So while it is obviously on the business terms you point out above, to have such misleading terms as it does is asking quite a lot.
For example, there were plenty of SMEs caught with some horrendous interest rate swap products who clearly had no idea what they were buying and were given some sort of mis-selling respite IIRC.
So it seems clear to me that while the law has this consumer/commercial distinction you are talking about you can't still sell complicated and egregious financial products to any old "business man" - can you?
walm said:
For example, there were plenty of SMEs caught with some horrendous interest rate swap products who clearly had no idea what they were buying and were given some sort of mis-selling respite IIRC.
I have no time for PPI parasites and the like, but IRHP misselling was somewhat different. Apart from them being a far more complex product than a mortgage, they were in a lot cases, sold in a rather duplicitous manner, and to enterprises that should never have considered them. The banks were not innocent of a 'nudge nudge' approach which made it clear, if not overt, that the funding applied for was predicated on also taking at a hedge - something that they were explicitly not allowed to do. Potential costs and break options were obfuscated or simply lied about.

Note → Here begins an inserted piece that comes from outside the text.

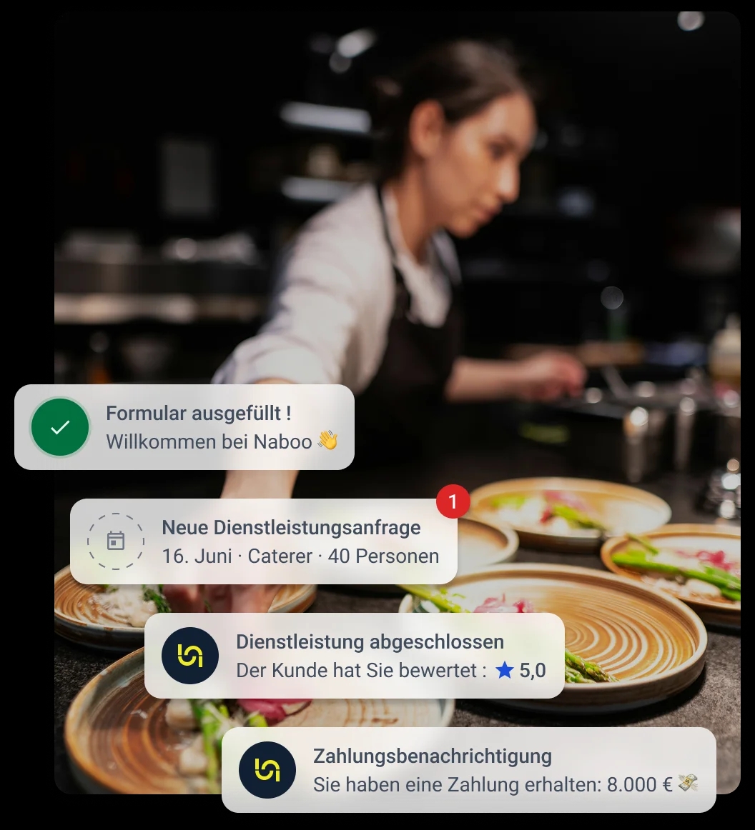 Sie sind ein Fachmann im Eventbereich und möchten Ihr Geschäft ausbauen? Treten Sie Naboo bei und werden Sie für über 5000 Kundenunternehmen in ganz Europa sichtbar!

People should, of course have taken better advice though.
It was a poor show all round.
walm said:
Nevertheless it still seems odd to me that BTLing is considered so different from say investing in an ISA or SIPP or whatever.
It would be very unlikely that someone would take on a financial product from a bamk to invest in an ISA or SIPP though.With a standard mortgage you take out a retail mortgage product. BTL mortgages are separate and different products- you can't use the mortgage being advertised on the telly by Jessica Ennis for a BTL.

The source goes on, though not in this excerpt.